Work to complete:
Transcribe the data below verbatim from the line with "2026年2月15日清晨6时" to the line with "כנפיים קריספיות מצופות". Include both of those lines.

Source records:
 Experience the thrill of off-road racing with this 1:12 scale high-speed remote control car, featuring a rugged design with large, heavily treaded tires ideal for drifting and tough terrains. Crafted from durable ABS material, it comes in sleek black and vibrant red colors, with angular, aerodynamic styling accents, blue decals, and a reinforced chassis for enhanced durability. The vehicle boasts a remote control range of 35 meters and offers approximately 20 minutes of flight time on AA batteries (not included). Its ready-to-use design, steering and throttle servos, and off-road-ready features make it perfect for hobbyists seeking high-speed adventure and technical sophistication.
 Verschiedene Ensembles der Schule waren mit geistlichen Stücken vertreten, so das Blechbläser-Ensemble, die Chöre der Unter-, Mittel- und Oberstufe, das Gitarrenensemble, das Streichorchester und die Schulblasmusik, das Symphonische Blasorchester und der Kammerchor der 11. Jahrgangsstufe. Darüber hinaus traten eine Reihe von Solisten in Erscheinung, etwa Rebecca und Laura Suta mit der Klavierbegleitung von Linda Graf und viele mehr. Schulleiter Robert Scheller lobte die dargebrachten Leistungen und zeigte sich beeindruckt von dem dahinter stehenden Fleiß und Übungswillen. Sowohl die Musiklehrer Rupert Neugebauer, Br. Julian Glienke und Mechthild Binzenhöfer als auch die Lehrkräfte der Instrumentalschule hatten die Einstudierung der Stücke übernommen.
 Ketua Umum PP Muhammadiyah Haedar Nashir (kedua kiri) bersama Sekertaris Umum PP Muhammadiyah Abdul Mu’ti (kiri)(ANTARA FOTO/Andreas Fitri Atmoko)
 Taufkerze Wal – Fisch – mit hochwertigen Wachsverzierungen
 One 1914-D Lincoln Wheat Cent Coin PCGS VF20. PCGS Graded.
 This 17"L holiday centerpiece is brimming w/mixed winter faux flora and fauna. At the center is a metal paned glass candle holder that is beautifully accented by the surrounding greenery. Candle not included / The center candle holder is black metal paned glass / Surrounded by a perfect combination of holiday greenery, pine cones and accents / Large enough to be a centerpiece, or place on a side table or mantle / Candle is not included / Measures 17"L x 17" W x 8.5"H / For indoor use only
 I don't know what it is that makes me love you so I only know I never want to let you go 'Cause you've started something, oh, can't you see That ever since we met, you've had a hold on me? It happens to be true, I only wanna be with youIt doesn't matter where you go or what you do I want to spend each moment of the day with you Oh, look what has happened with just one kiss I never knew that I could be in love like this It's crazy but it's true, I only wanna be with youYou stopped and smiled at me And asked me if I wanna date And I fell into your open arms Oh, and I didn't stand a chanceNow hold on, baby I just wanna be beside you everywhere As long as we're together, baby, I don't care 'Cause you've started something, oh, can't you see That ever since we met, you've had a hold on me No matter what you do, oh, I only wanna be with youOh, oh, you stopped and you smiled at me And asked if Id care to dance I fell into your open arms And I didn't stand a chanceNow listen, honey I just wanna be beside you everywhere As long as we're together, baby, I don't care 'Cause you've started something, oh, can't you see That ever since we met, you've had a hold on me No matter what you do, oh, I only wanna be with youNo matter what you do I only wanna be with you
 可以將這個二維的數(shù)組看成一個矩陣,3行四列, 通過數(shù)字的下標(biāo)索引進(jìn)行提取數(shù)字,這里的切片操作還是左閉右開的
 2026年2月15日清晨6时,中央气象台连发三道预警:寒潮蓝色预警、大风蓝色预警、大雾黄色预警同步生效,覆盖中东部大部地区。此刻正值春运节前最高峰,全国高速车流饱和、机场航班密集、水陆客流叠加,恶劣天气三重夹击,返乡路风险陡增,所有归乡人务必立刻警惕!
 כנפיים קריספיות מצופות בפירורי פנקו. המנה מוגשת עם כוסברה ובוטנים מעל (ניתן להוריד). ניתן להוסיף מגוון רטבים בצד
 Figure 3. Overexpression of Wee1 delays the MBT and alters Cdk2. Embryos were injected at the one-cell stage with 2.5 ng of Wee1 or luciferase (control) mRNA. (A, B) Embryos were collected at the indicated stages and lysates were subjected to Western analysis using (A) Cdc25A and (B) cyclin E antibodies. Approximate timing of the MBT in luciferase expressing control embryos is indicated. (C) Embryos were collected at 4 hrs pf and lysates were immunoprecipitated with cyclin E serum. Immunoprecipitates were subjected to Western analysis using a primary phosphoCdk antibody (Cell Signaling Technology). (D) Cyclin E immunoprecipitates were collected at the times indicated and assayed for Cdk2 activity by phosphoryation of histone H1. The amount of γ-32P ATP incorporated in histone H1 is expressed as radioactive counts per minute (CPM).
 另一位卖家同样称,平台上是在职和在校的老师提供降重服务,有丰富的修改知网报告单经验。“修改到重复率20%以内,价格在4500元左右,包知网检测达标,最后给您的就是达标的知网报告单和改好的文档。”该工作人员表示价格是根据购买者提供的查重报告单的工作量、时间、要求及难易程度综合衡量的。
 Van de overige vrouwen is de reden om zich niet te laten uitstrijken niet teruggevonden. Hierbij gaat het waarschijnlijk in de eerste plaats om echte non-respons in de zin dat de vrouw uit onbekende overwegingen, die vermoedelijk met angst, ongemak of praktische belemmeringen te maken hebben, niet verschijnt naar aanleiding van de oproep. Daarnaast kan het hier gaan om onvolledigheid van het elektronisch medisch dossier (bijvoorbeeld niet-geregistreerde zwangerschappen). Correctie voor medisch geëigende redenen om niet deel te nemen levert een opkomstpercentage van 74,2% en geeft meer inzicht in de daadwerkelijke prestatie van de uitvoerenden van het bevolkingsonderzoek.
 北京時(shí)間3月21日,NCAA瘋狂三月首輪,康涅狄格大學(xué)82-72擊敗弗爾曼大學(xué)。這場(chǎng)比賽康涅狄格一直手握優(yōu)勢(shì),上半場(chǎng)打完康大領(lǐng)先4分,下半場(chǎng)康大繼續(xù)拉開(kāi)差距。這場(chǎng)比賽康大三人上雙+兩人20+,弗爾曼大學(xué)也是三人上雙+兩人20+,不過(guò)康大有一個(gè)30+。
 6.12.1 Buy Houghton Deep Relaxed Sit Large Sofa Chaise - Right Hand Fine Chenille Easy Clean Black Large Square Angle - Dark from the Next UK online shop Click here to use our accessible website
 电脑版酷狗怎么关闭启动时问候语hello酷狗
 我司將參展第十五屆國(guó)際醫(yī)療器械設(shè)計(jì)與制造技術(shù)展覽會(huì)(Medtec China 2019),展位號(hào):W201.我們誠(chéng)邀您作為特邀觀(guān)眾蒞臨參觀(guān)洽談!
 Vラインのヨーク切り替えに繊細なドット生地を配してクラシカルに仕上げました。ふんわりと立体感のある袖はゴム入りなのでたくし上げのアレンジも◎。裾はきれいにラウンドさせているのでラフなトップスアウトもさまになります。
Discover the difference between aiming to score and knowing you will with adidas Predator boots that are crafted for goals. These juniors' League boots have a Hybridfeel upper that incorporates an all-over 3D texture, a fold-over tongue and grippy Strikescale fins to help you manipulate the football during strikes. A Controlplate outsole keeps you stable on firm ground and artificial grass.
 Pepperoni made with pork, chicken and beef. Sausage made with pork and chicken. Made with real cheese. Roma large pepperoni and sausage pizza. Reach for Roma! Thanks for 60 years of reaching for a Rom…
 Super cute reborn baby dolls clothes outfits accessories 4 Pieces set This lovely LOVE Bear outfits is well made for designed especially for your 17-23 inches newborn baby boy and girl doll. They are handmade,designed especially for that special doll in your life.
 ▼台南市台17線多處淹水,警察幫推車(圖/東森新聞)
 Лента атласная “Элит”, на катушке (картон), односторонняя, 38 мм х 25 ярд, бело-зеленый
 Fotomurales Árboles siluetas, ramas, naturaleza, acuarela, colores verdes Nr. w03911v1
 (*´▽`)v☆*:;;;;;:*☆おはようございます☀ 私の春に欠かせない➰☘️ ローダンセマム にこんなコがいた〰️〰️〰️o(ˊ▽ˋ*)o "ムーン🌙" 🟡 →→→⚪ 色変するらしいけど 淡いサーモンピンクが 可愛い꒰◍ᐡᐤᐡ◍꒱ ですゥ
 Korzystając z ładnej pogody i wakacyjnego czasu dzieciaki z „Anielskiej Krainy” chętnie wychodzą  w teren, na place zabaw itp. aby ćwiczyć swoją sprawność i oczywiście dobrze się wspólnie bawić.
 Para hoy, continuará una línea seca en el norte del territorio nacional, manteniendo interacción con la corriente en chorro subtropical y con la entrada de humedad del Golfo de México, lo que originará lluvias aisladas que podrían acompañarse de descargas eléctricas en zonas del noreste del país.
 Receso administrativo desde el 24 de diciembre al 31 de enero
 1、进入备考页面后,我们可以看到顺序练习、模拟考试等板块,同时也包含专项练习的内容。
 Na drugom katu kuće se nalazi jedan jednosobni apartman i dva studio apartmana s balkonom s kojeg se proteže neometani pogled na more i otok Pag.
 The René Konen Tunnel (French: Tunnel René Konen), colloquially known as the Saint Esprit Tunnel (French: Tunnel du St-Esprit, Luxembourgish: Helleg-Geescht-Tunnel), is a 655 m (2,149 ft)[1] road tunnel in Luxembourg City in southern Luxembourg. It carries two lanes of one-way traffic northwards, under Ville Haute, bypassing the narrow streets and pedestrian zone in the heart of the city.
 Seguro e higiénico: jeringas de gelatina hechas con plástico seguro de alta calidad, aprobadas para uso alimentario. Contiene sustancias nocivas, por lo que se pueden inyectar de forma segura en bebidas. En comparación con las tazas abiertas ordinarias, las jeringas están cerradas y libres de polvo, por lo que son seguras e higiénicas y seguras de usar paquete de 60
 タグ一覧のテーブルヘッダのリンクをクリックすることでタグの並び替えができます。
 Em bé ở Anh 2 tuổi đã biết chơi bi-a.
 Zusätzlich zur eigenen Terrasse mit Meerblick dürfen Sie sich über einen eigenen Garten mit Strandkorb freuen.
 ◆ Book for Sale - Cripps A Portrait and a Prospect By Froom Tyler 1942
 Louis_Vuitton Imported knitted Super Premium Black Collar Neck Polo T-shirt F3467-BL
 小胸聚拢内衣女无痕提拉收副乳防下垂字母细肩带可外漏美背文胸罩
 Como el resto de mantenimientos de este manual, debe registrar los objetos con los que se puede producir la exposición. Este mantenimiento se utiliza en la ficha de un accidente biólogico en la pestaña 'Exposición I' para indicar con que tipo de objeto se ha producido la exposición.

Solved exercise:
 2026年2月15日清晨6时,中央气象台连发三道预警:寒潮蓝色预警、大风蓝色预警、大雾黄色预警同步生效,覆盖中东部大部地区。此刻正值春运节前最高峰,全国高速车流饱和、机场航班密集、水陆客流叠加,恶劣天气三重夹击,返乡路风险陡增,所有归乡人务必立刻警惕!
 כנפיים קריספיות מצופות בפירורי פנקו. המנה מוגשת עם כוסברה ובוטנים מעל (ניתן להוריד). ניתן להוסיף מגוון רטבים בצד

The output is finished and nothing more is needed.